Some opencv cudafilter functions is slower than CPU code on Jetson Xavier NX

I have tested some cudafilter functions but found it slower than CPU code on Jetson Xavier NX. The opencv version is 4.5.0. CUDA version is 10.2. The code as follows:

const int iternum = 100;

Mat img = imread("../../LenaGRAY.bmp", 0);
resize(img, img, Size(8000, 4000));
Mat element = getStructuringElement(MORPH_RECT, Size(15, 15));

Mat dst0 = Mat::zeros(img.size(), CV_8UC1);
Mat img0 = img.clone();
double t0_start = getTickCount();
for(int i = 0; i < iternum; i++)
    boxFilter(img0, dst0, CV_8UC1, Size(10, 10));
    //GaussianBlur(img0, dst0, CV_8UC1, Size(5, 5), 0);
    //morphologyEx(img0, dst0, MORPH_DILATE, element);
double t0_end = getTickCount();
cout<<"time:"<<(t0_end - t0_start) / getTickFrequency() * 1000 / iternum << "ms"<<endl;

cuda::GpuMat imgGpu;
cuda::GpuMat dstGpu;
dstGpu.create(img.size(), CV_8UC1);
Mat dst1;
double t1_start = getTickCount();
for(int i = 0; i < iternum; i++)
    cv::Ptr<cv::cuda::Filter>f1 = cv::cuda::createBoxFilter(CV_8UC1, CV_8UC1, Size(10, 10));
    f1->apply(imgGpu, dstGpu);
    //cv::Ptr<cv::cuda::Filter>f2 = cv::cuda::createGaussianFilter(CV_8UC1, CV_8UC1, Size(5, 5), 0);
    //f2->apply(imgGpu, dstGpu);
    //cv::Ptr<cv::cuda::Filter>f3 = cv::cuda::createMorphologyFilter(MORPH_DILATE,  CV_8UC1, element);
    //f3->apply(imgGpu, dstGpu);
double t1_end = getTickCount();
cout<<"time:"<<(t1_end - t1_start) / getTickFrequency() * 1000 / iternum << "ms"<<endl;;

I have tested boxFilter GaussianBlur and morpholoyEx, cuda functions is slower than on CPU.
I have also tested on Windows 10 PC. The GPU is NVIDIA GeForce RTX 3060, and CUDA version is 11.1. CUDA filter functions are still slower than CPU.

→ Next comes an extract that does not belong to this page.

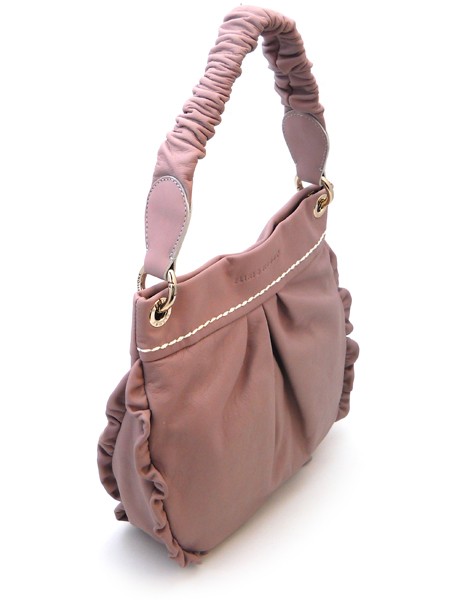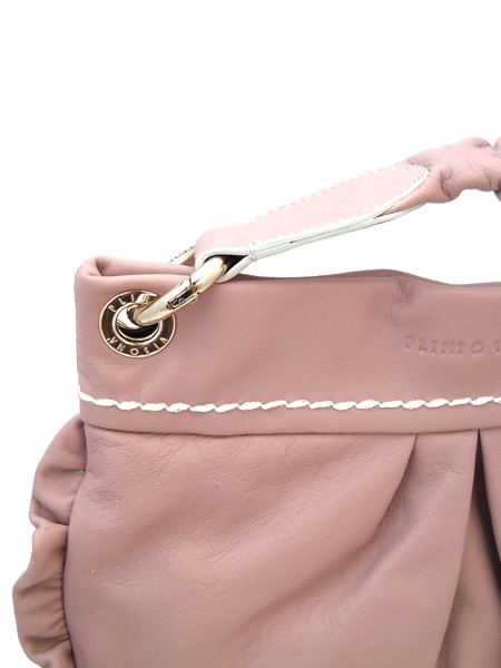 Маленькая розовая кожаная сумочка с жатой ручкой итальянской марки PLINIO VISONA.

There’s a number of possible reasons:

  1. You are including the timing of the filter creation - remove this and time again.
  2. You may be timing the initialization overhead of loading cudafilters or opencv world libs - check the effect of calling your CUDA functions once outside of the timing loop first.
  3. You are using a filter size which cannot be processed in shared memory - check the effect of reducing it to 5.
  4. Your using CPU timers and the default stream so the resulting times will include the launch latency and some overhead for the stall resulting from the internal calls to cudaDeviceSynchronize - time with CUDA events to get the kernel execution time.
  5. Its slower on your hardware.